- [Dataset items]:
━━━━━━━━
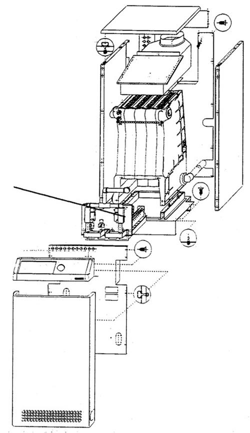 6. Cazanul nu poate porni - decuplati termostatul de siguranta (pe tabloul de comanda se semnalizeaza supraincalzirea) |
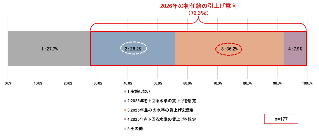- さらに、「2025年を下回る水準」を含めると、賃上げ同様初任給の引き上げ意向も7割を超える
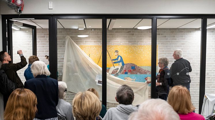 – Konsten ska leva över tid och ha koppling till platsen eller kvarterets namn. Därför blev det ett lätt val att bevara och renovera mosaiken, som nu pryder en av väggarna på entréplan, säger fastighetsutvecklingschef Johan Jarding.
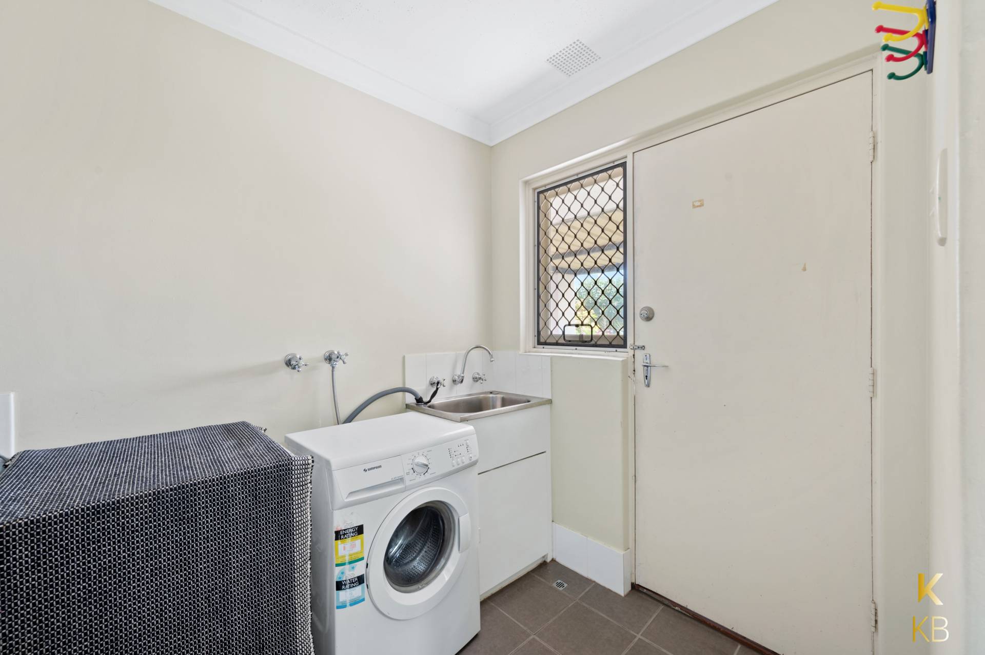 • Well-equipped internal laundry with patio access; two built-in linen cupboards
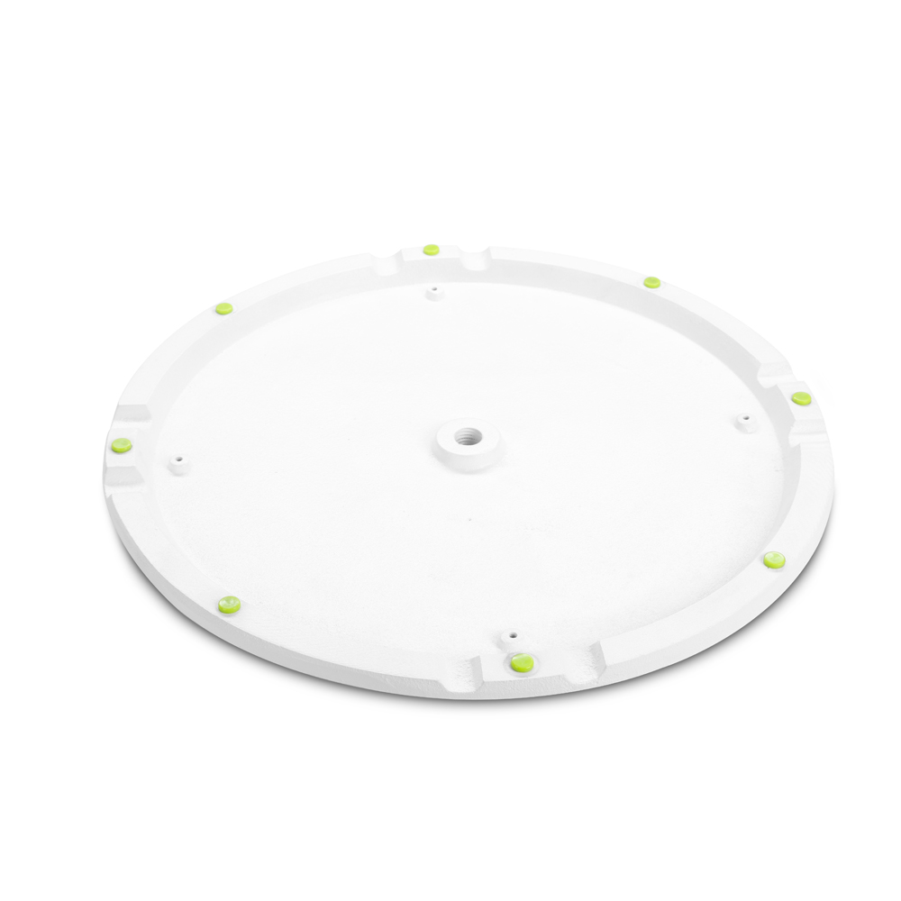 Cette base circulaire plate et massive en fonte moulée accueille des barres de couplage équipées d’un filetage M20 et assure une excellente stabilité, grâce à son poids de 10 kg. Pour améliorer encore la stabilité, un disque de lest de 5 kg est disponible en accessoire (référence GWB123WPB), se fixant facilement sans outil.
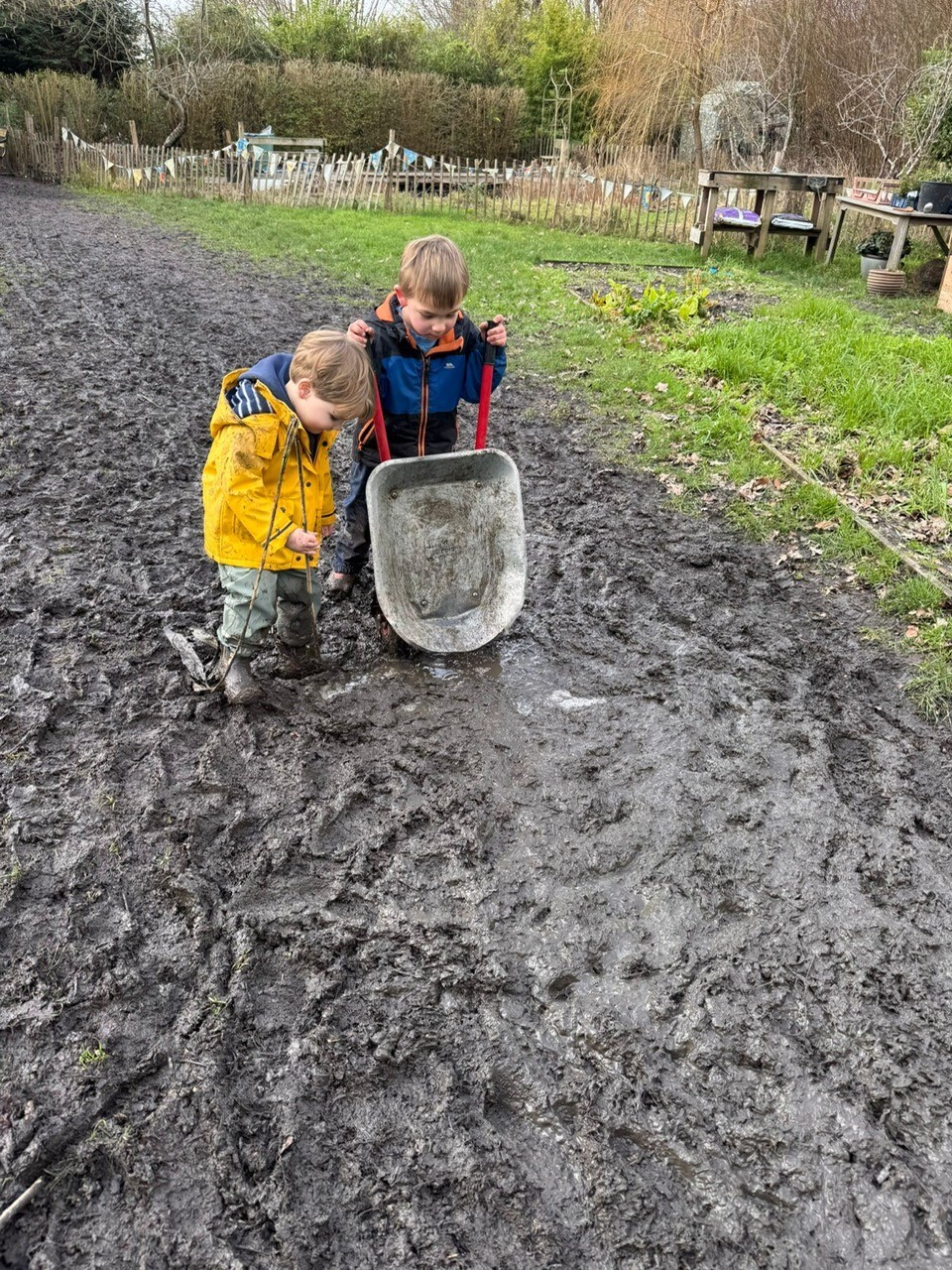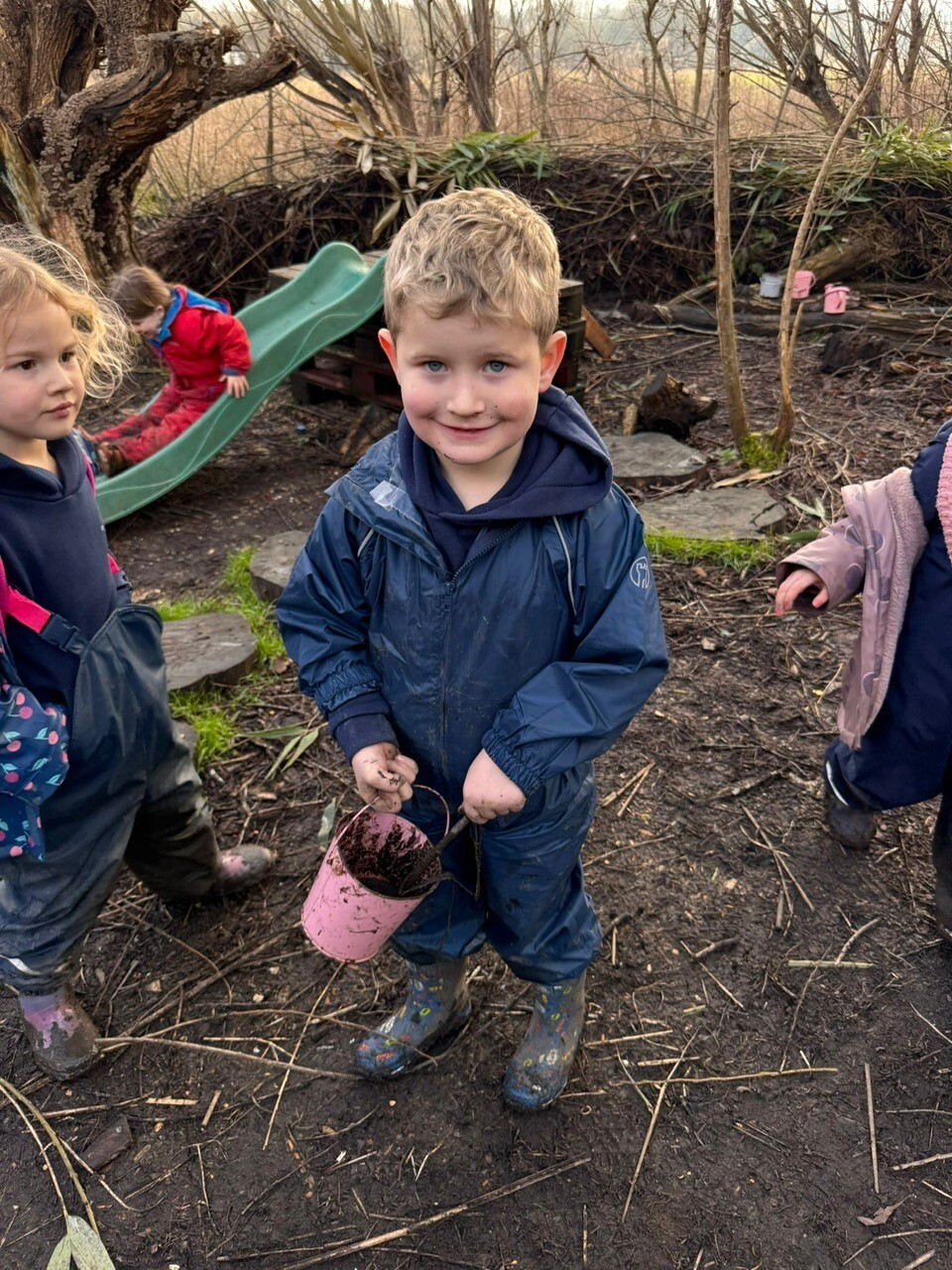 The bad weather has helped create a muddy haven for Caterpillar Class! Lots of mud pies, digging, exploring and muddy fun! (February 2026)
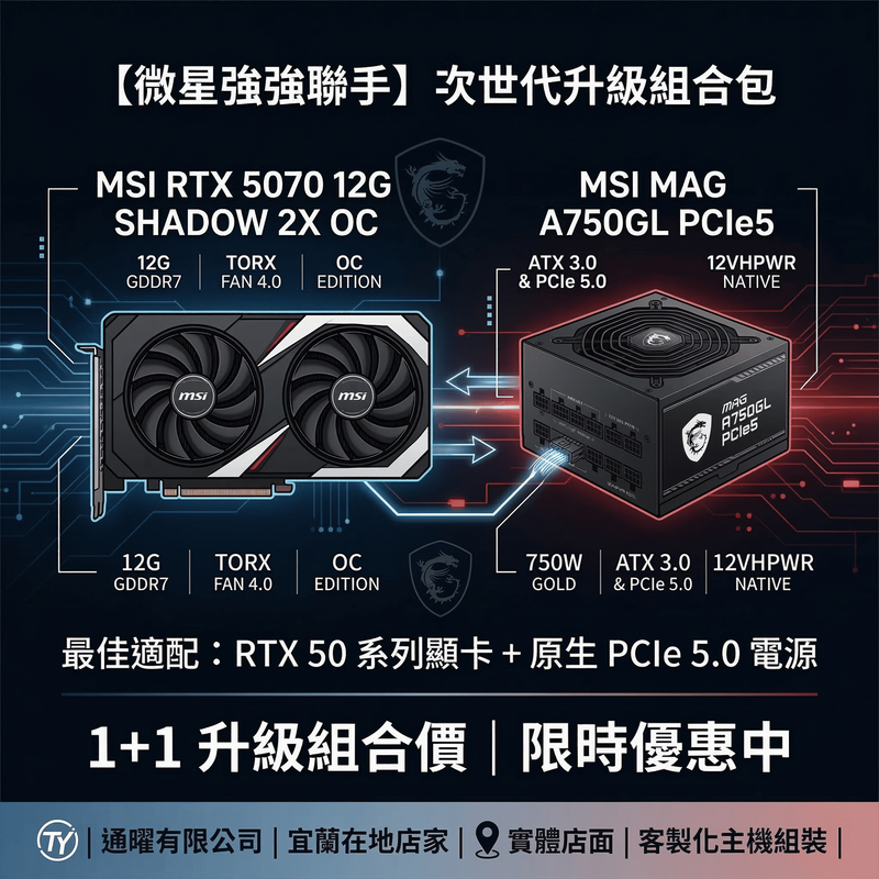 專為追求極致效能與穩定性的玩家設計。微星 RTX 5070 12G SHADOW 2X OC 顯卡,帶您領略次世代光線追蹤與 AI 繪圖的震撼;搭配專為新一代顯卡誕生的 MAG A750GL PCIe5 電源,原生支持 12VHPWR 接口,省去轉接煩惱,提供最純淨、穩定的電力供應。
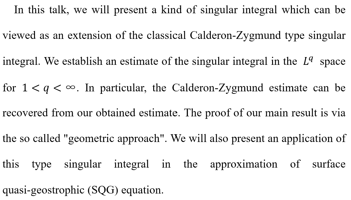 报告题目:An Extension of Calderon-Zygmund Type Singular Integral
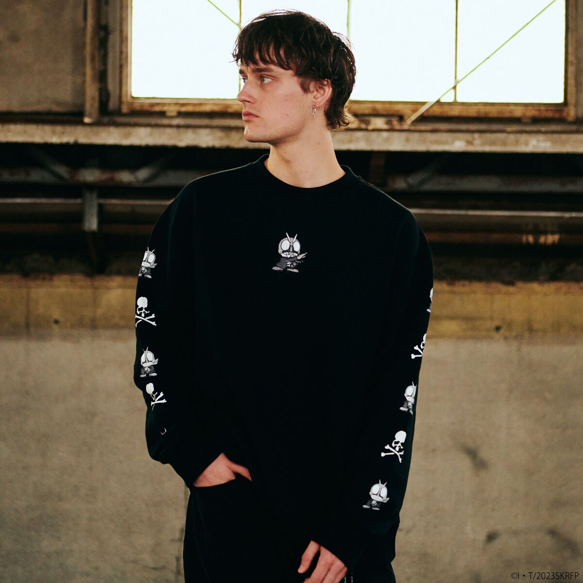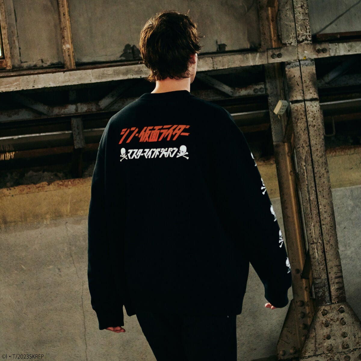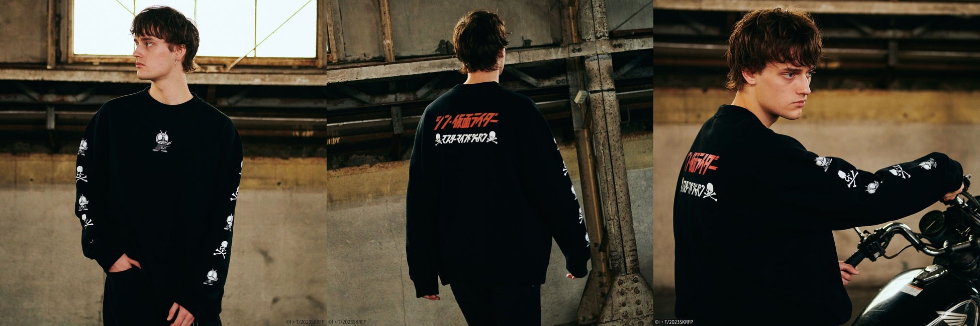 フロントに本コラボ用にデザインされた、本間デザイナーこだわりの仮面ライダーデフォルメ柄を刺繍、両袖にマスターマインドのアイコンであるスカルと仮面ライダーデフォルメ柄を交互にプリント。バックに本コラボ用にデザインされたマスターマインドロゴと『シン・仮面ライダー』のタイトルロゴをあしらったクルーネックスエットです。
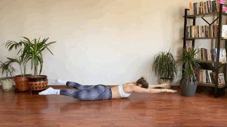 俯卧在垫面上,双手向前伸直核心、臀肌收紧,呼气,双手双腿离地吸气还原,动态练习12-15次Tips:练习完以上动作可以回到婴儿式休息放松调整一下噢!
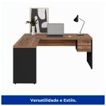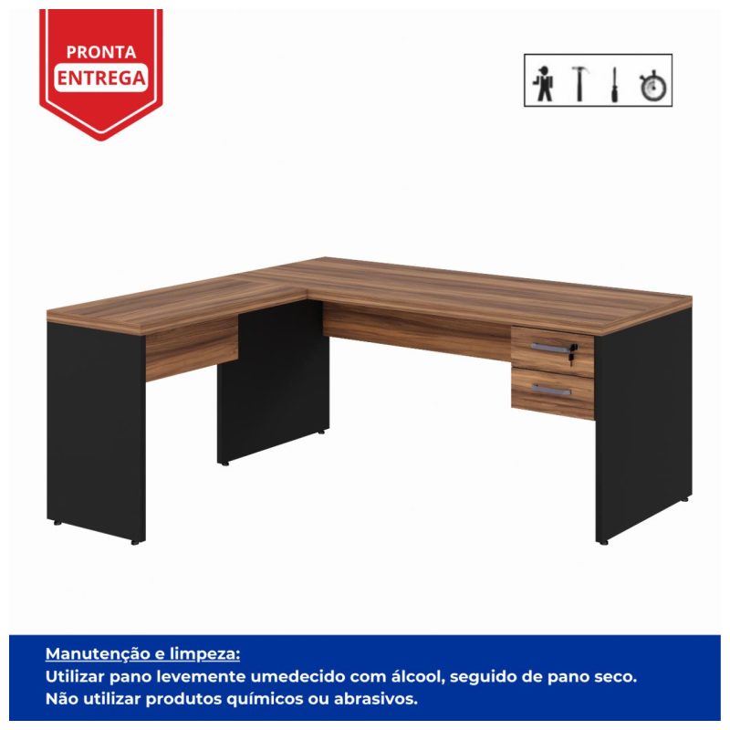 Produto: Mesa Escritório em L Mesa 1,70m + Mesa Auxiliar 02 Gavetas Nogal Sevilha / Preto 21479
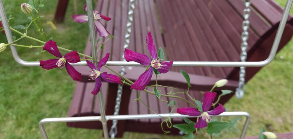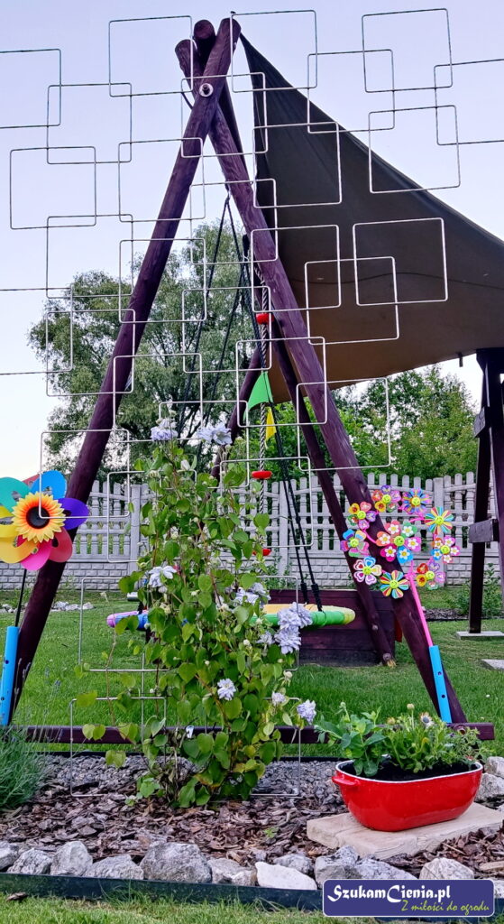 Tak naprawdę to zaczęło się od stworzenia kącika z huśtawkami w moim ogrodzie. Huśtawki ułożone są w literę L a pomiędzy ich zewnętrznymi wierzchołkami rozwieszony jest żagiel przeciwsłoneczny. Jednak ciągle czegoś mi tam jeszcze brakowało… kwiatów, a zwłaszcza bardziej pnączy. W tym celu z mężem stworzyliśmy dwie rabaty przy huśtawkach z powojnikami. Posadzenie powojników wiązało się z koniecznością zapewnienia rusztowania dla nich. I tak powstał pomysł na budowę własnej kratownicy dla clematisów.
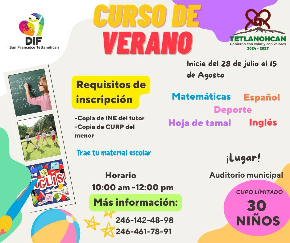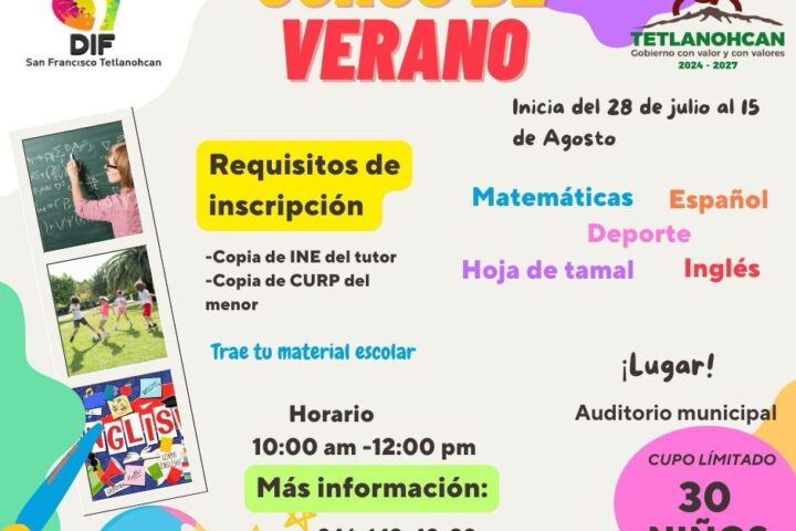 La directora del DIF Tetlanohcan, Mónica Coyomatzi, detalló que el curso se llevará a cabo del 28 de julio al 15 de agosto en el Auditorio Municipal, en un horario de 10:00 am a 12:00 pm, con un cupo limitado a 30 participantes.
━━━━━━━━
All entries above are to be restated exactly, with every image omitted.

 6. Cazanul nu poate porni - decuplati termostatul de siguranta (pe tabloul de comanda se semnalizeaza supraincalzirea) |
- さらに、「2025年を下回る水準」を含めると、賃上げ同様初任給の引き上げ意向も7割を超える
 – Konsten ska leva över tid och ha koppling till platsen eller kvarterets namn. Därför blev det ett lätt val att bevara och renovera mosaiken, som nu pryder en av väggarna på entréplan, säger fastighetsutvecklingschef Johan Jarding.
 • Well-equipped internal laundry with patio access; two built-in linen cupboards
 Cette base circulaire plate et massive en fonte moulée accueille des barres de couplage équipées d’un filetage M20 et assure une excellente stabilité, grâce à son poids de 10 kg. Pour améliorer encore la stabilité, un disque de lest de 5 kg est disponible en accessoire (référence GWB123WPB), se fixant facilement sans outil.
 The bad weather has helped create a muddy haven for Caterpillar Class! Lots of mud pies, digging, exploring and muddy fun! (February 2026)
 專為追求極致效能與穩定性的玩家設計。微星 RTX 5070 12G SHADOW 2X OC 顯卡,帶您領略次世代光線追蹤與 AI 繪圖的震撼;搭配專為新一代顯卡誕生的 MAG A750GL PCIe5 電源,原生支持 12VHPWR 接口,省去轉接煩惱,提供最純淨、穩定的電力供應。
 报告题目:An Extension of Calderon-Zygmund Type Singular Integral
 フロントに本コラボ用にデザインされた、本間デザイナーこだわりの仮面ライダーデフォルメ柄を刺繍、両袖にマスターマインドのアイコンであるスカルと仮面ライダーデフォルメ柄を交互にプリント。バックに本コラボ用にデザインされたマスターマインドロゴと『シン・仮面ライダー』のタイトルロゴをあしらったクルーネックスエットです。
 俯卧在垫面上,双手向前伸直核心、臀肌收紧,呼气,双手双腿离地吸气还原,动态练习12-15次Tips:练习完以上动作可以回到婴儿式休息放松调整一下噢!
 Produto: Mesa Escritório em L Mesa 1,70m + Mesa Auxiliar 02 Gavetas Nogal Sevilha / Preto 21479
 Tak naprawdę to zaczęło się od stworzenia kącika z huśtawkami w moim ogrodzie. Huśtawki ułożone są w literę L a pomiędzy ich zewnętrznymi wierzchołkami rozwieszony jest żagiel przeciwsłoneczny. Jednak ciągle czegoś mi tam jeszcze brakowało… kwiatów, a zwłaszcza bardziej pnączy. W tym celu z mężem stworzyliśmy dwie rabaty przy huśtawkach z powojnikami. Posadzenie powojników wiązało się z koniecznością zapewnienia rusztowania dla nich. I tak powstał pomysł na budowę własnej kratownicy dla clematisów.
 La directora del DIF Tetlanohcan, Mónica Coyomatzi, detalló que el curso se llevará a cabo del 28 de julio al 15 de agosto en el Auditorio Municipal, en un horario de 10:00 am a 12:00 pm, con un cupo limitado a 30 participantes.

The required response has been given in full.